Role of food subsidies and habitat structure in influencing benthic communities of shell mounds at sites of existing and former offshore oil platforms
Abstract
Significant Conclusions: “Our results suggest that the structure of shell mound communities is strongly influenced by the presence of the platform structure and the food subsidies provided by the clumps of mussels and associated organisms that continually slough from the platform to the seafloor. Predatory and omnivorous seastars (Pisaster spp., Asterina miniata), in particular, were much less abundant and of a smaller size at the shell mound-only sites. However, the relative abundance (as CPUE) of commercially important crabs, Cancer antennarius and C. anthonyi, did not differ among shell mound sites. These crabs are predators and carnivorous scavengers likely consume components of faunal litterfall when available, but have greater mobility than other invertebrate taxa of shell mounds, and can forage over a larger area both on and off the mounds. Populations of two macroinvertebrate detritivores on shell mounds, Parastichopus parvimensis and P. californicus, also appeared to be little affected by the removal of the platform structure. We hypothesize that the food subsidy provided by the dislodged organisms that fall from platform structures to the shell mounds exerts bottom up control upon populations of predatory and omnivorous sea stars. The platform structure could also affect the abundance and size structure of benthic organisms through the provision of recruitment habitat. There was no overlap in species composition of mobile macroinvertebrates between benthic communities on the shell mound under Platform Gina and the adjacent soft bottom locations. Thus, our results also suggest that the presence or absence of hard substrate was an important factor in determining the distribution of shell mound associated taxa.

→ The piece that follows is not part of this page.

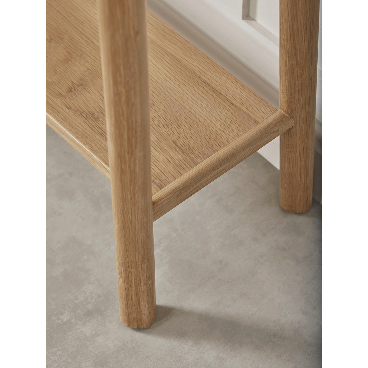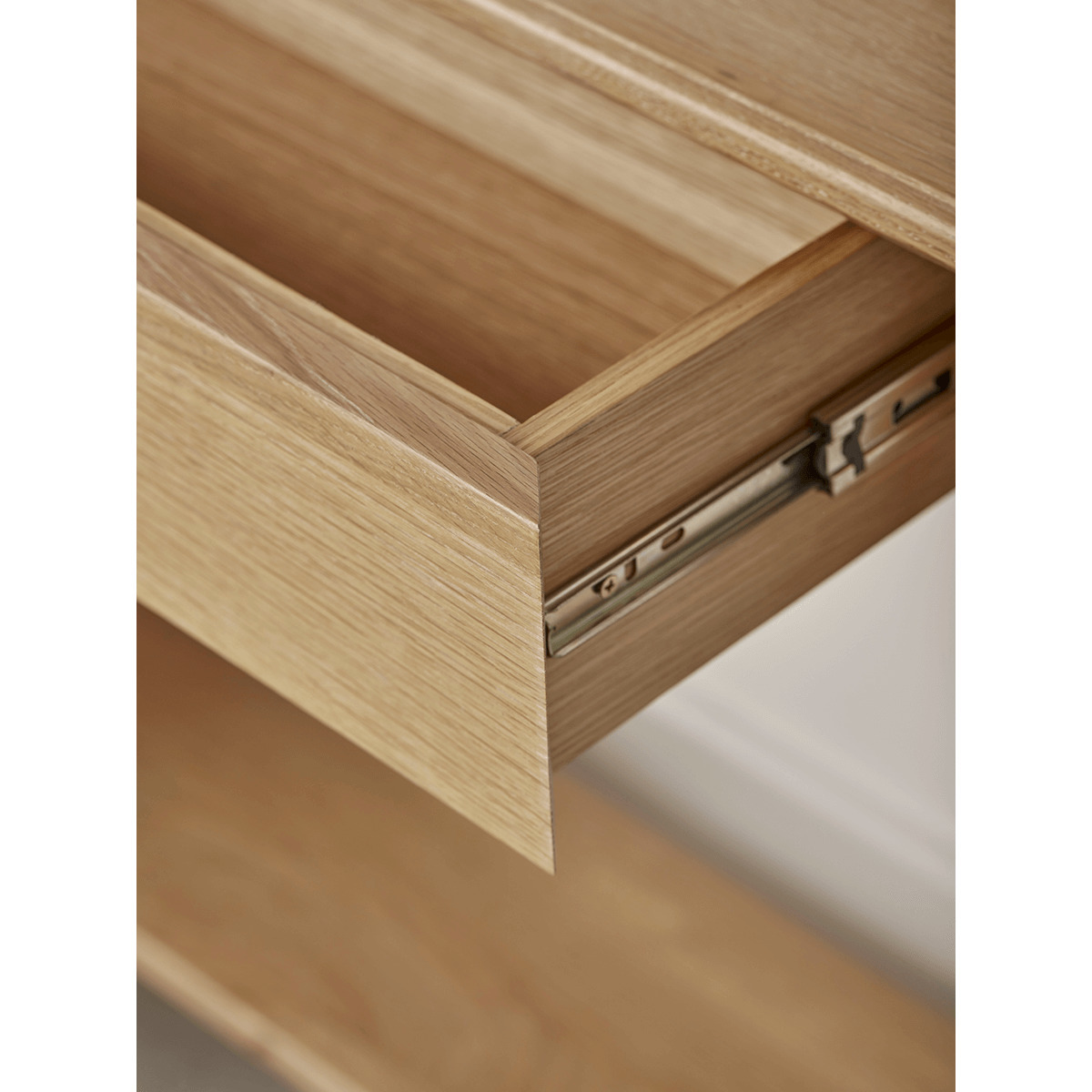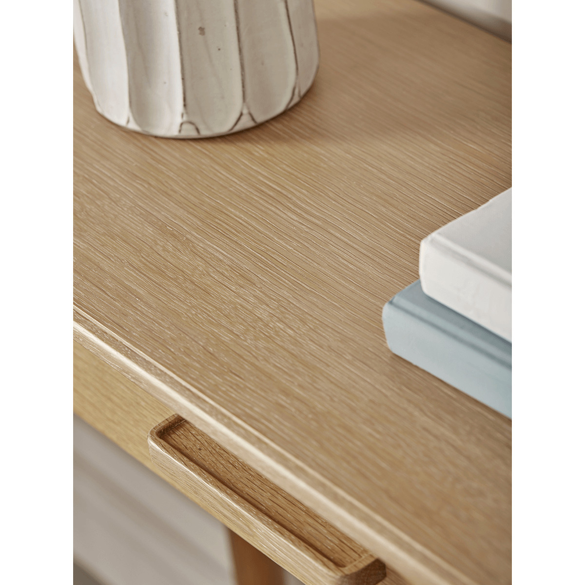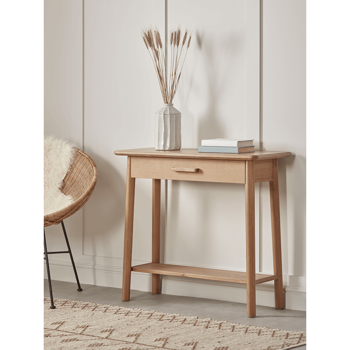 With a simple, clean profile, our Scandinavian-inspired Oslo Oak Storage Console Table features a blonde oak surface with visible natural wood grain. A generous drawer with a lovely oak cup handle, slender smooth legs, and a versatile lower shelf complete a design that is flawlessly finished and wonderfully tactile. Discover more of our. Oslo Oak. Furniture range.

The relative effect of the platform on the benthic community appeared to vary among mound species in relation to trophic level, degree of mobility, and substrate preference. Mobile crabs (e.g., Cancer antennarius) and the sea cucumber, Parastichopus parvimensis, which prefer hard substrate, were seemingly least affected, but given the estimated sedimentation rate at mound-only sites (Hazel and Hilda, 0.9 to 1.4 mm year-1; Heidi and Hope, 1.5 to 2.0 mm year-1), these sites may no longer provide suitable habitat in a few years. Thus, while the presence of the platform structure may enhance secondary productivity in the benthic community, this effect may disappear rapidly (<5 yr in this case) after the platform is removed."